WHAT IS BEING ASKED => Only one stretch of the records below is wanted: the lines from the one holding "Ehrhart, Alsace |" through the one holding "在若干雅达利游戏中,习得算法 DQNReg 的性能与基线的比较。每经过". Return it exactly, both ends included.

**** DATA EXTRACT

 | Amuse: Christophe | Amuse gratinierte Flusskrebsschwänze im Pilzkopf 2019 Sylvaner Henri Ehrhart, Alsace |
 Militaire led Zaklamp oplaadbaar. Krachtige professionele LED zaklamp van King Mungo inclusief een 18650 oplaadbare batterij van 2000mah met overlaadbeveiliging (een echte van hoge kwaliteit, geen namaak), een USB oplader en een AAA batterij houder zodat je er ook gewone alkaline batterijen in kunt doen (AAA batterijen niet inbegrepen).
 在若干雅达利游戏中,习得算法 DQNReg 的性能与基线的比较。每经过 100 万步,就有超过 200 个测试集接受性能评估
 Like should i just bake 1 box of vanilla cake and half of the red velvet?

********
**** DATA EXTRACT

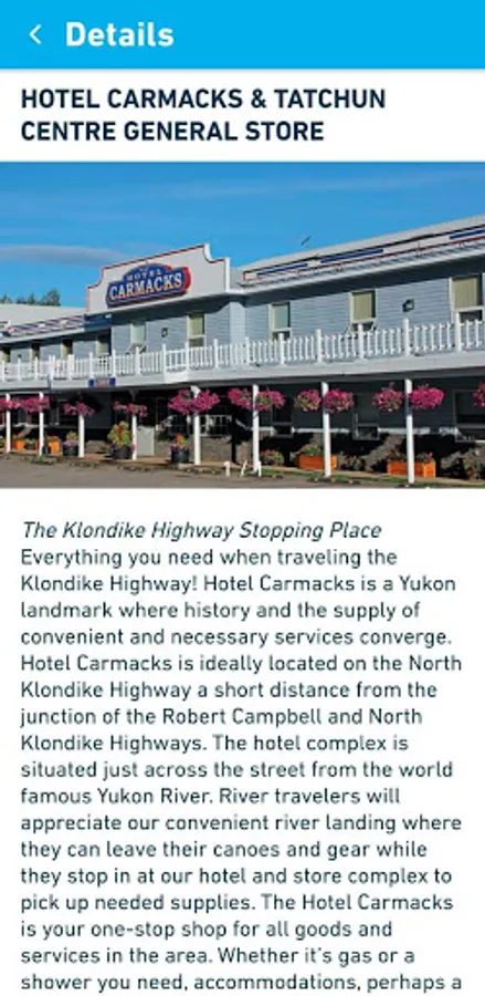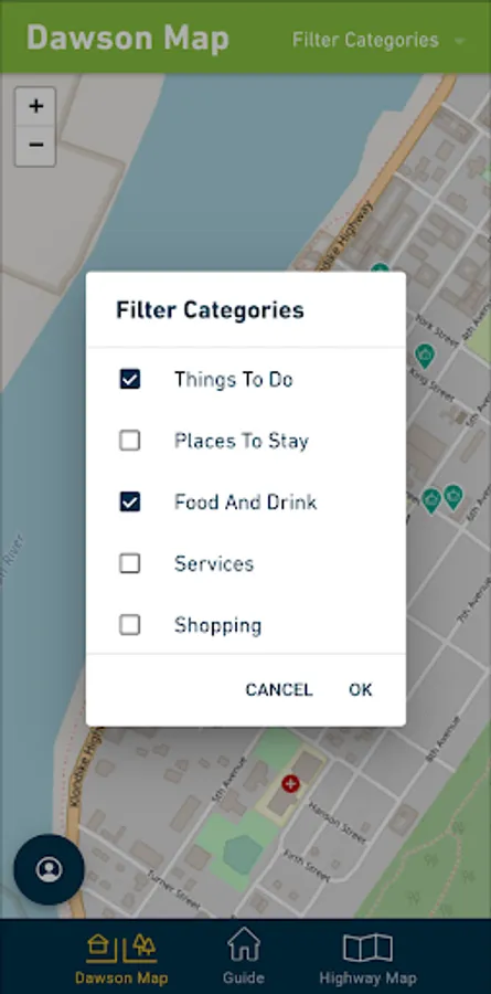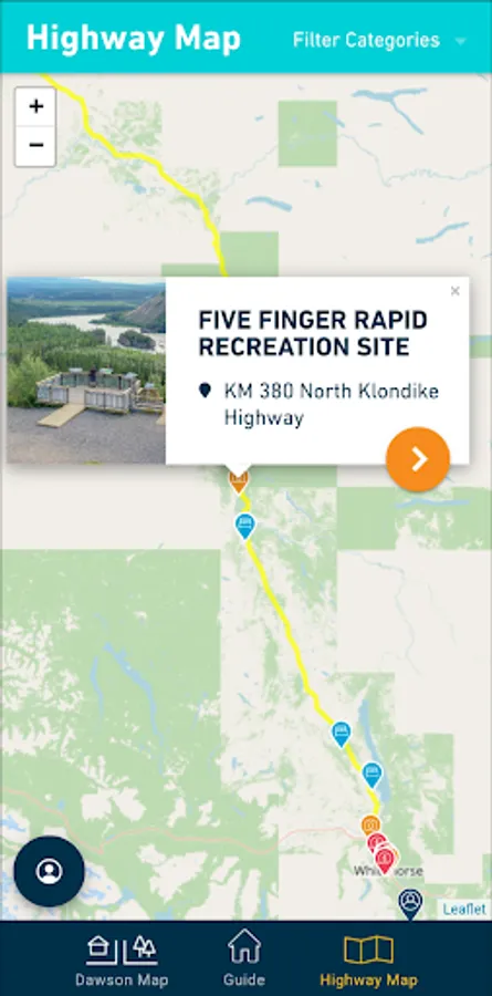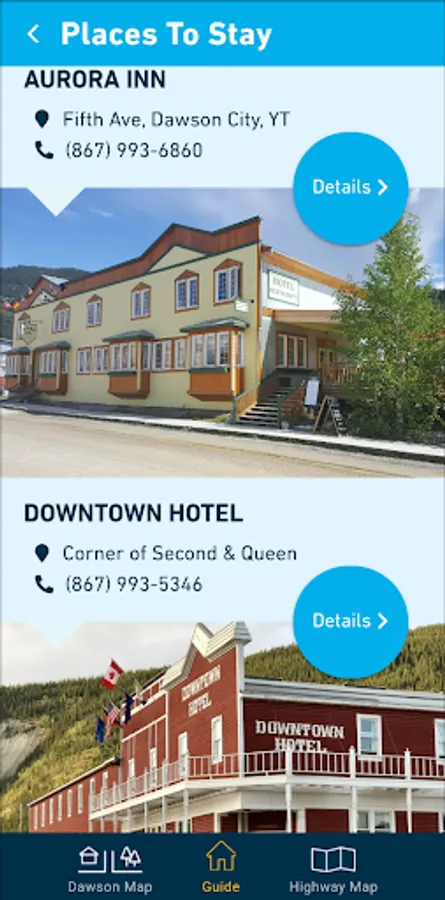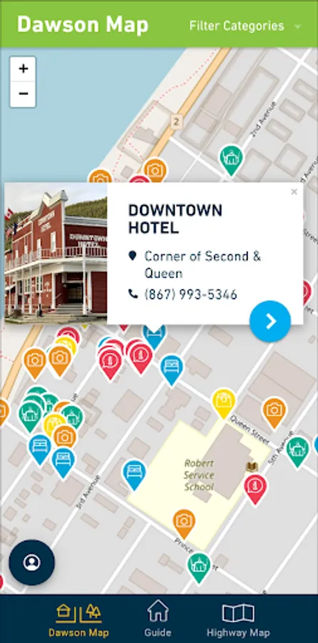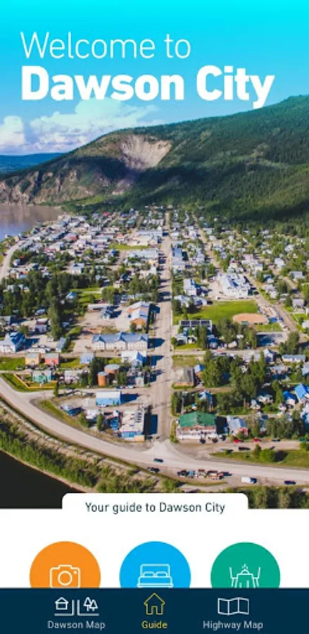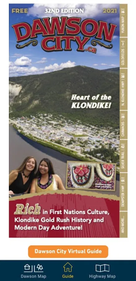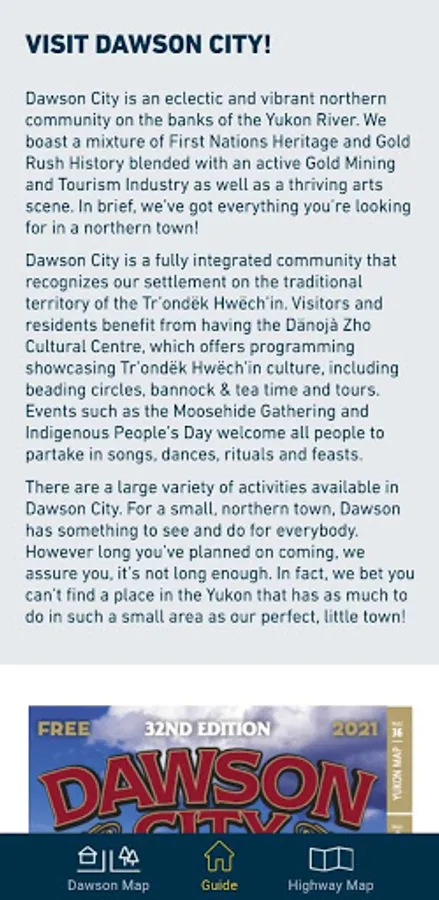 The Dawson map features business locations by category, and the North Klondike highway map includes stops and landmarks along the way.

********

EXERCISE SOLUTION =>
 | Amuse: Christophe | Amuse gratinierte Flusskrebsschwänze im Pilzkopf 2019 Sylvaner Henri Ehrhart, Alsace |
 Militaire led Zaklamp oplaadbaar. Krachtige professionele LED zaklamp van King Mungo inclusief een 18650 oplaadbare batterij van 2000mah met overlaadbeveiliging (een echte van hoge kwaliteit, geen namaak), een USB oplader en een AAA batterij houder zodat je er ook gewone alkaline batterijen in kunt doen (AAA batterijen niet inbegrepen).
 在若干雅达利游戏中,习得算法 DQNReg 的性能与基线的比较。每经过 100 万步,就有超过 200 个测试集接受性能评估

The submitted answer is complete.